LawFlash

Federal Reserve’s Main Street Lending Program Throws Lifeline to Nonprofits

August 10, 2020 (Updated November 5, 2020)

Nonprofit organizations are on the front lines in the battle against the coronavirus (COVID-19), but they also number among the many victims of COVID-19’s devastating financial impact. In response, the Federal Reserve recently announced that loans would be available to nonprofit borrowers under the Main Street Lending Program, and issued a FAQ on two new facilities—the Nonprofit Organization New Loan Facility and the Nonprofit Organization Expanded Loan Facility.

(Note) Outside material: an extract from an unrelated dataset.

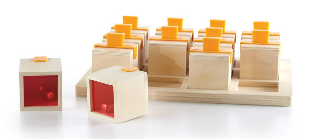 Візьміться за м'яку пластикову ручку. Струсіть дерев'яний кубик, щоб почути унікальний звук. Струсіть інші. Знайдіть збіг.

Nonprofits are taking care of the sick and needy, developing treatments, educating students, and performing countless other essential functions during COVID-19. Yet just as demand for nonprofit services has skyrocketed, so have operating costs—necessitated by the challenges and realities of operating during a global pandemic. For many nonprofits, funding streams have all but dried up as budget cuts and other “belt-tightening” measures have proven insufficient, and the risk of insolvency mounts.

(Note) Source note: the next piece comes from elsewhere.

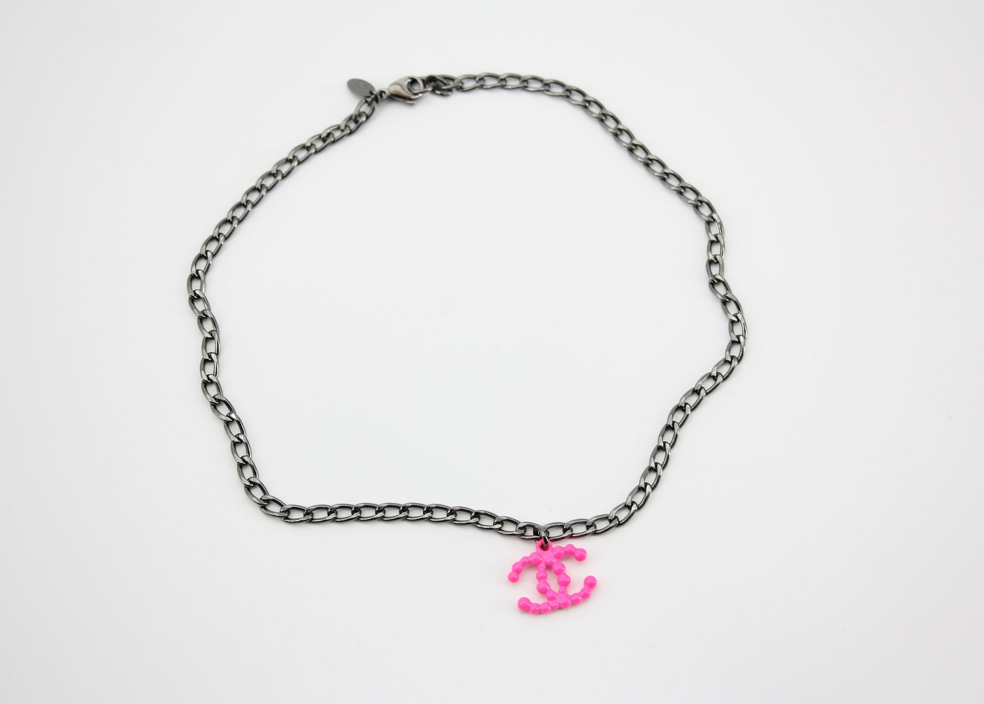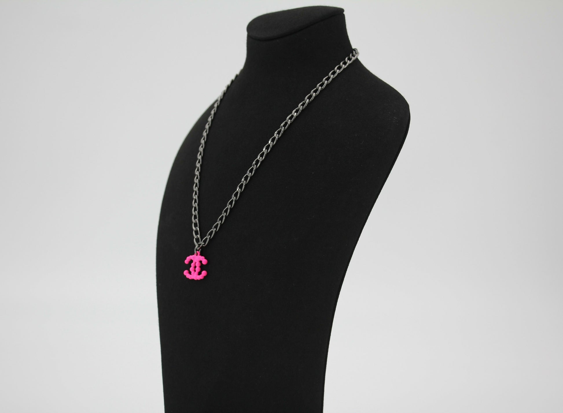 Chanel Vintage 04A Resin Fluorescent Pink CC Necklace

To address this issue, the federal government recently announced the enactment of new borrowing programs to assist nonprofits with few other options. The Nonprofit Organization New Loan Facility (NONLF) and Nonprofit Organization Expanded Loan Facility (NOELF) are available to a broad range of nonprofit borrowers, including hospitals, senior care and housing communities, museums, animal rights organizations, performing arts organizations, educational institutions, and social service organizations.

LATEST UPDATE: On October 30, The Federal Reserve Bank of Boston (FRB) published updated FAQs to lower the minimum loan size for the NONLF from $250,000 to $100,000, change the fee structure for loans with a principal amount of less than $250,000, and enable lenders and borrowers to exclude certain Paycheck Protection Program (PPP) loans from the calculation of “outstanding debt.” 

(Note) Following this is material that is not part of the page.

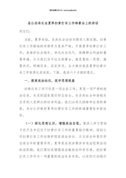【七哥公文】2025年:【七哥公文】县公安局长在夏季扫黄打非工作部署会上的讲话+更多免费公文+VX:QiGeGongWen2024+更多免费公文+VX:QiGeGongWen2024

For a deeper-dive analysis on the Main Street program, read our White Paper on the MSLP.

NONLF & NOELF—GENERAL LOAN TERMS

As a general matter, loan terms under both the NONLF and NOELF—including the interest rate, principal and interest payment deferral, and five-year term—are the same as for Main Street loans for for-profit businesses.

Similar to the for-profit facilities, for the new nonprofit facilities under the Main Street Lending Program (Nonprofit Main Street Program), the FRB will purchase 95% of the loans from commercial lenders through a special purpose vehicle (SPV), and the loans must be made by a participating bank willing to keep 5% on its own books until the earlier of maturity or until the Nonprofit Main Street Program sells all of its 95% participation. 

The sale of a participation interest in NONLF or NOELF loans will be structured to be a true sale and must be completed expeditiously after the loan’s origination or upsizing, as applicable.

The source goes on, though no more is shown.